The economy is indeed getting on a strong footing, with central estimates suggesting gross domestic product (GDP) growth should keep its momentum in the second quarter by rising 0.8%, which would be unchanged from growth in the previous quarter. The Office for National Statistics (ONS) releases the data on Friday morning.
Markit Economics' PMI surveys showed the three major pillars of the economy surged during the second quarter, and the latest estimate from the National Institute of Economic and Social Research (NIESR) showed even stronger growth between April and June, up 0.9%.
Like NIESR, the BoE's July Monetary Policy Committee (MPC) minutes also offered a more upbeat view on growth, suggesting the GDP to have risen 0.9% in the second quarter, with the expectations of growth slowing modestly into the third and fourth quarters.
However, the central bank's GDP forecasts usually takes the mature estimate of growth, while Friday's estimate is the first one and based only on less than 50% of all the available data for the whole quarter.
Despite the overall growth rising at a sustainable pace, and the UK labor market tightening faster than expected, the central bank remains cautious on its monetary policy decisions.
Wage growth in Britain remains significantly below consumer price inflation, not to mention house price inflation which on average has risen 10% on the year and as much as 21% in London.
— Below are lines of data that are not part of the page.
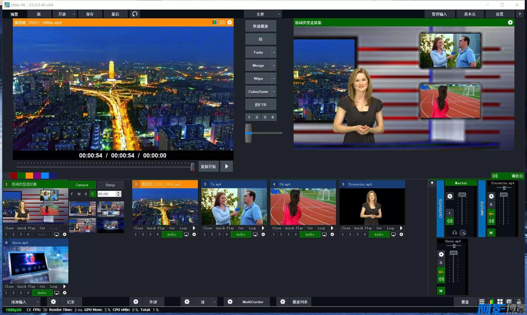 | vMix功能介绍 1、支持多路SD1、HDMI信号输入,最高分辨率支持4K 2、支持多机位切换,支持外接切换面板,可设置快捷键切换,支持13种切换过渡效果 3、内置虚拟抠像功能,内置音频调音台 4、可以切换和播放视频文件、音频文件、图片、PPT,支持画中画叠加功能 5、支持输出到大屏功能,无缝输出 6、支持局域网浏览器控制切换功能 7、支持直播推流功能,最多推3路直播流 8、支持录制功能,最多录制2路画面 9、可实时捕捉PC或者MAC电脑桌面画面 10、支持ND1、SRT功能 11、内置字幕标题模板 12、支持9:16直播推流 (温馨提示:系统要求25版本(win10/win11 23h2及以下)) |
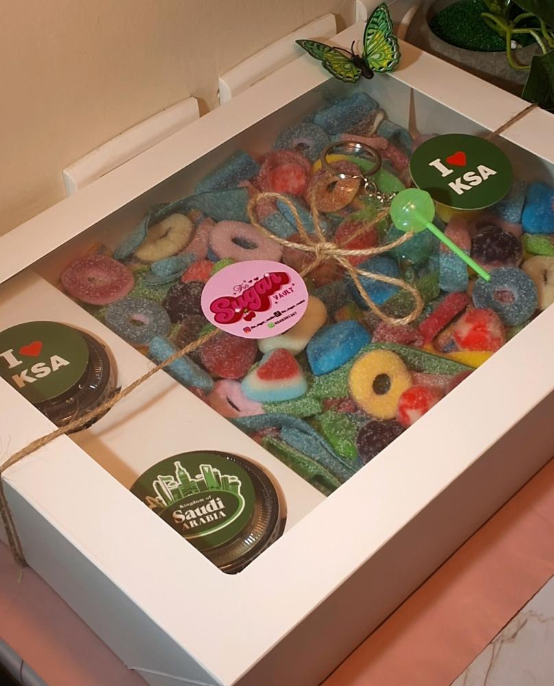 بوكس اليوم الوطني 700g حلويات مع صوص وبودره
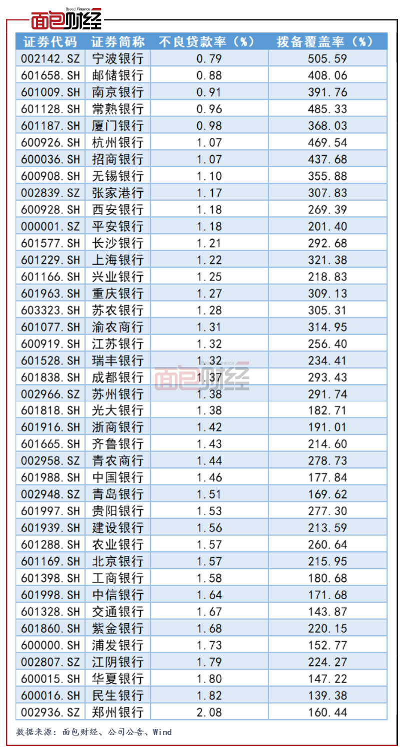 與其他上市銀行相比,寧波銀行的資產(chǎn)質(zhì)量優(yōu)勢較為明顯。由于多數(shù)銀行暫未發(fā)布中報業(yè)績,以2020年年末數(shù)據(jù)來看,寧波銀行的不良貸款率最低,而撥備覆蓋率則處于上市銀行之首。

Apparently, such significant contrasts keep BoE policymakers on alert by raising their concerns about the massive indebtedness of UK households at a time of such suppressed earnings growth, and a possible detrimental impact on spending and growth as soon as rates begin to rise. Therefore, the central bank reiterates slow and gradual tightening in order not to choke off business investments and households budgets and spending.
After the two phases of forward guidance, we might therefore experience the third phase which will very closely watch over the wage growth data in the upcoming months, provided both by the official statistics as well as commercial surveys.
"It is the prospects for household indebtedness that concern us. UK households start from a vulnerable position, with debt at 140% of disposable income and the share of riskier mortgage lending rising markedly over the past year. Housing debt can represent a major risk because mortgages are both the largest asset of UK banks and the largest liability of UK households," Mark Carney said on July 23.
On wages, Carney said that a key judgment for the MPC is when and to what extent the labor supply and spare capacity tightening will translate into real wage growth, and in turn that wage growth into price pressures.
All major macro fundamentals, whether it is labor or wage growth, production, services or spending will be very closely watched by the central bank. Plus the August Inflation Report is expected to shed significantly more light on the central bank's forecasts which should eventually determine the immediate monetary policy decisions towards the end of this year.